A genetic analysis of the tumor and graft tissue in the transplanted kidney was conducted. DNA was extracted from paraffin-embedded blocks. Chimerism assessment was performed using polymerase chain reaction (PCR) with electrophoretic detection, based on the analysis of chromosomal DNA. This method identifies and compares specific genetic markers known as short tandem repeats (STRs) in various loci within the tissue samples of the transplanted kidney and the tumor. Each person inherits two STR sequences within a single locus, and STRs occur at different loci with different frequencies in the population. Thus, analyzing a greater number of loci allows for the identification of more informative alleles for chimerism analysis. The number of loci analyzed is crucial in chimerism testing. We tested 7 STR loci: FGA (FIBRA), D8S639, THO1 (TC11), HUNvWFA31, D19S246, D21S11, D18S51. Additionally, the VHL gene in the transplanted kidney tumor was analyzed. The material was obtained from paraffin blocks following histological evaluation. DNA sequencing was performed using the Sanger method, particularly focusing on the most common mutations in exons 1, 2, and 3 of the VHL gene.

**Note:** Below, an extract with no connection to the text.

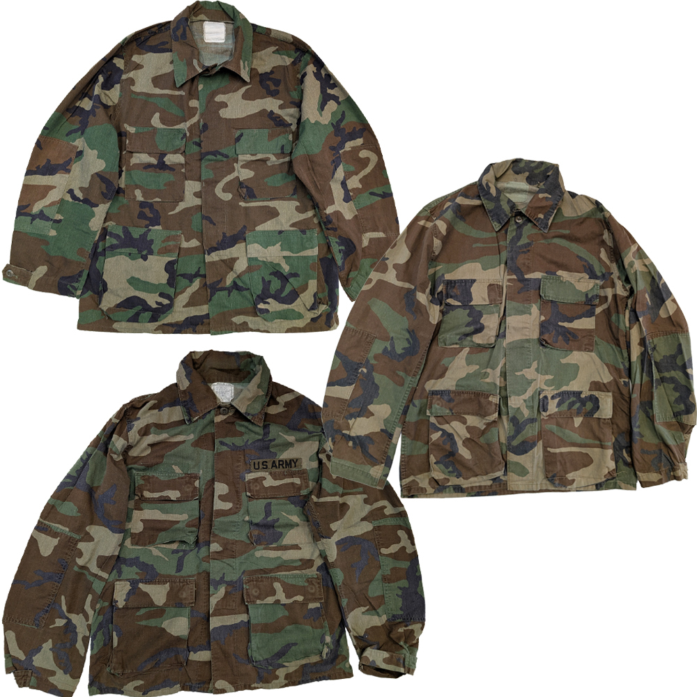 - 【3枚まとめ売り】90-80s U.S.ARMY 古着 迷彩柄 ウッドランドカモ リップストップ ミリタリー BDUジャケット USA製 vintage ③ F

A genetic study was possible in patients with sufficient volume of tissue in paraffin blocks for DNA isolation.

Statistical processing

Statistical data analysis was conducted using the Statistica for Windows v.12.0 software package by StatSoft Inc. (USA). Data were presented as median (Me) and interquartile ranges (Q1-Q3). The differences were considered statistically significant at p < 0.05.

The follow-up period of the patients was as follows 3.6 [2.1–5.3] years.

Among all patients who underwent kidney transplant and were monitored at the Moscow City Nephrology Center, the proportion of adult men was 57.52% (1881 people), while the female proportion was 42.48% (1389 people). The age of the patients ranged from 18 to 84 years, with an average of 41.3 ± 12.5 years. It is also worth noting that among patients with verified cancer of a transplanted kidney, the proportion of men was 51.6% (16 people), and women − 48.4% (15 people). The age distribution of patients with RCC allograft was predominantly within the range of 26 to 69 years, with an average age of 51.8 ± 8.5 years.

Incidence of RCC in a transplanted kidney

The overall incidence of renal cell carcinoma (RCC) in kidney transplants was 0.95%. All RCC were detected in the long-term period after kidney transplantation, the time from transplantation to RCC development ranged from 2 to 25 years, with an average of 8.4 years. The size of the RCC was 24 [17–30] mm. Pathomorphological examinations revealed clear-cell RCC in 20 patients (64.5%) and papillary RCC in 11 patients (34.5%). The average time to the development of clear-cell RCC was 9.9 years, compared to 5.5 years for papillary RCC.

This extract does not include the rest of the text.